Posted on 5/6/21 at 8:51 am to
Posted by Strannix
District 11
Member since Dec 2012
48904 posts
Posted on 5/6/21 at 8:51 am to
quote:

The never ending inflation was because of population growth and a growing labor force with rapidly increasing productivity. Precisely when the monetary base should be growing in theory.


What would you consider a responsible measured ratio between GDP growth and monetary supply increase?
Posted by JayDeerTay84
Texas
Member since May 2013
9847 posts
Posted on 5/6/21 at 9:58 am to
quote:

Precisely when the monetary base should be growing in theory.


But why? I can easily say that "in theory" less printing means the dollar is more valuable and my dollar buys more as time goes on.

Is scarcity not a thing? Do we have to print X dollars for every new child?
Posted by Strannix
District 11
Member since Dec 2012
48904 posts
Posted on 5/6/21 at 10:06 am to
Deflation isn't the boogeyman the Keynesian/Bolshevists make it out to be. Nor are reasonable interest rates. Its a two parter.

1. Its how the FED steals your money and gives it to international high finance

2. They're so far down this rabbit hole now the correction will be catastrophic, there's no easing out of this.

The financiers are jerking off to stock prices that are just inflated themselves, 30k isn't 30k.
This post was edited on 5/6/21 at 10:09 am
Posted by RedStickBR
Member since Sep 2009
14577 posts
Posted on 5/6/21 at 11:36 am to
quote:

But why? I can easily say that "in theory" less printing means the dollar is more valuable and my dollar buys more as time goes on.

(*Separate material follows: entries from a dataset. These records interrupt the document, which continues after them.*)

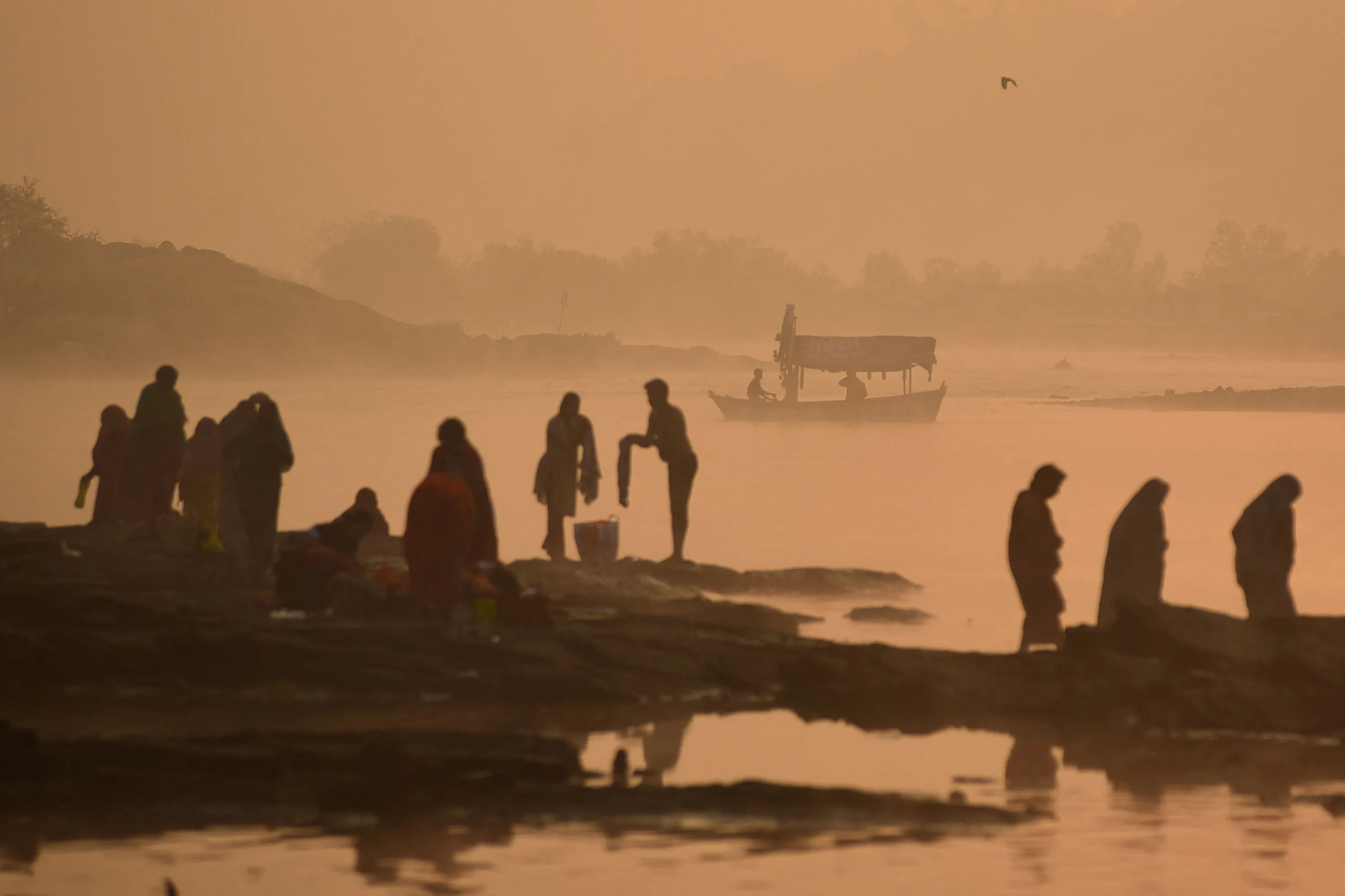 A boatman steers his boat as people stand on the banks on the Narmada River on foggy morning in Jabalpur on November 18, 2023. (Photo by Uma Shankar Mishra/AFP Photo)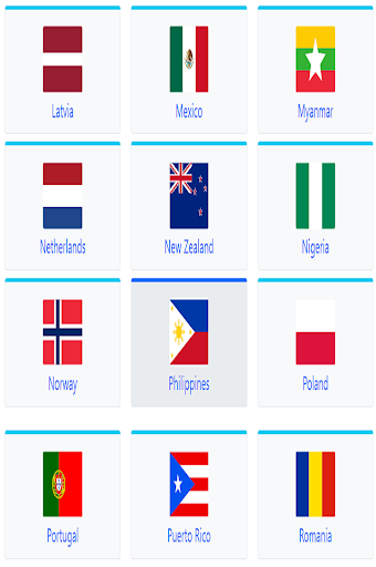Australia, Austria, Bangladesh, Belhika, Canada, Tsina, Denmark, Hong Kong, Indonesya, Israel, Italya, Kazakhstan, Latvia, Mehiko, Miyamya, Netherlands, New Zealand, Nigeria,Norway, Philippines, Poland, Portugal, Puerto Rico, Romania, Russia, South Korea, Espanya, Sweden, Thailand, Ukraine, United Kingdom, Estados Unidos at Vietnam.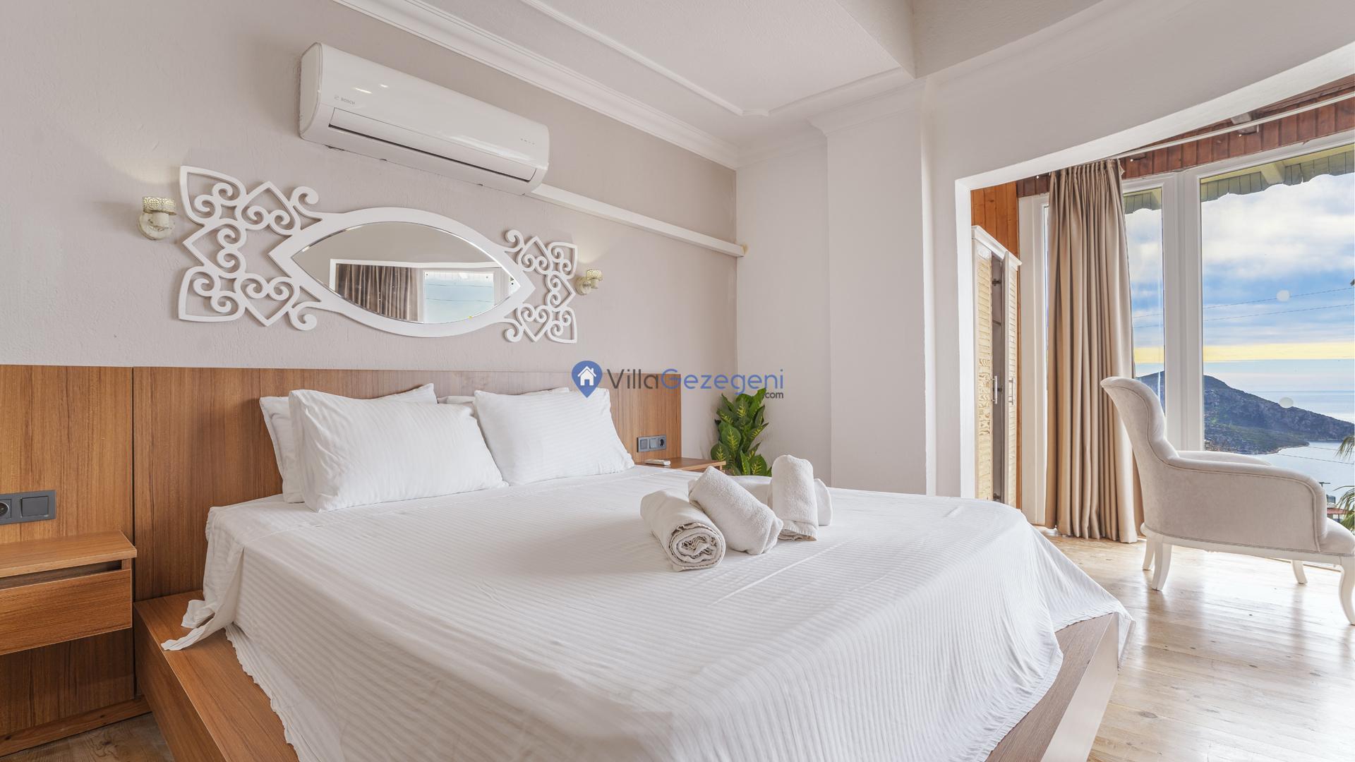 Kalkan Kızıltaş bölgesinde yer alan 3 yatak odalı 6 kişilik deniz manzaralı kiralık villa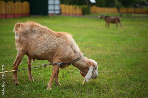 Fototapeta premium goat on green grass

Is scarcity not a thing? Do we have to print X dollars for every new child?


Heuristically speaking:

1. Inflation can occur when too many dollars are chasing too few goods. Consumers have dollars they want to spend on cars but there aren't enough cars for all of them to buy, so producers raise the price of said cars until equilibrium is met (i.e. inflation).

2. Deflation can occur when too few dollars are chasing too many goods. Producers have cars they want to sell but there aren't enough buyers at current prices to sell all the cars, so producers lower the price of said cars until equilibrium is met (i.e. deflation).

3. If your economy is growing due to a population boom and increased labor force participation rate, there are more goods being produced. Unless you increase the money supply to some degree, you run the risk of falling into #2 above.

4. It appears you are tempted to say, "Well, that would be great for the dollar, so it's great for me. I could buy so much more stuff." But recall that currency is relative and economies are interconnected. If the relative value of the dollar gets too strong, you'd kill your domestic products and services. No more international banks, international law firms, international companies, etc. The only people who'd be able to afford your products and services would be Americans.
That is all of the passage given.